Magnetic and magnetostrictive properties of amorphous Sm-Fe and Sm-Fe-B thin films are systematically investigated over a wide composition range from 14.1 to 71.7 at.% Sm. The films were fabricated by rf magnetron sputtering using a composite target composed of an Fe (or Fe-B) plate and Sm chips. The amount of B added ranges from 0.3 to 0.8 at. %. The microstructure, examined by X-ray diffraction, mainly consists of an amorphous phase in the intermediate Sm content range from 20 to 45 at.%. Together with an amorphous phase, crystalline phases of Fe and Sm also exist at low and high ends of the Sm content, respectively. Well-developed in-plane anisotropy is formed over the whole compositionrange, except for the low Sm content below 15 at.% and the high Sm content above 55 at %. As the Sm content increases, the saturation magnetization decreases linearly and the coercive force tends to increase, with the exception of the low Sm content where very large magnitudes of the saturation magnetization and the coercive force are observed due to the existence of the crystalline $\alpha$-Fe phase.
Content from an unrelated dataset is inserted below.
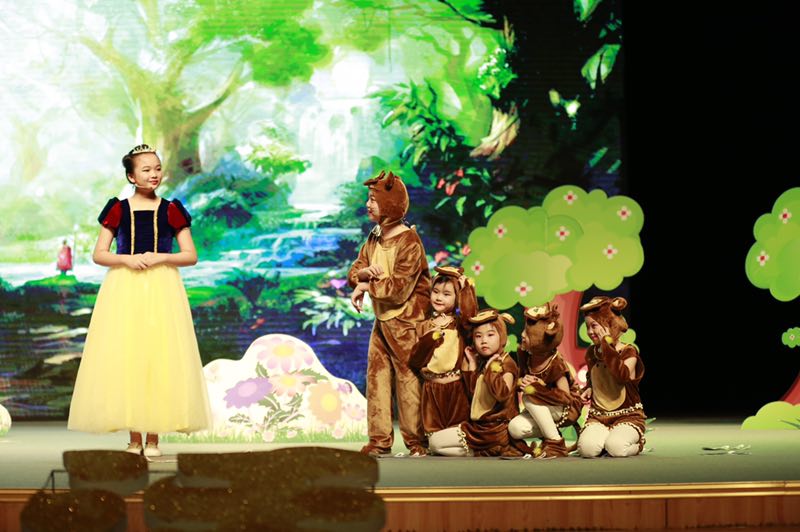 现场表演精彩纷呈,内容积极向上,形式丰富多彩,表演生动逼真,充分展示出选手们奋发向上的精神风貌,同时也展现了选手们的外语实际运用能力和自主创新精神。《三打白骨精》、《睡美人》、《冰河世纪》、《狮子王》、《皇帝的新装》、《白雪公主和七个小矮人》、《小红帽》、《马良的神笔》……一个个经典的童话故事,惟妙惟肖的表演,生动的诠释着故事里的每一个角色,把观众带入一个个美丽的童话世界。
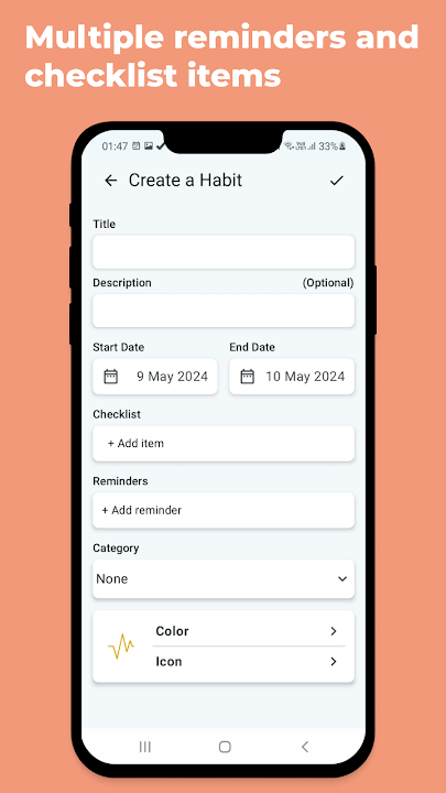 No limit on Habits. Create unlimited Habits and reminders for in Habit Tracker app.

The coercive force is affected rather substantially by the B addition, resulting in lower values of the coercive force in the practically important Sm content range of 30 to 40 at.%. Good magnetic softness indicated by well-developed in-plane anisotropy, a square-shaped hysteresis loop and a low magnitude of the coercive force results in good magnetostrictive characteristics in both Sm-Fe-B thin films. The magnetostrictive characteristics, particularly at low magnetic fields, are further improved by the addition of B; for example, at a magnetic field of 100 Oe, the magnitude of magnetostriction is -350 ppm in a Sm-Fe thin film and it is -470 ppm in a B containing Sm-Fe thin film.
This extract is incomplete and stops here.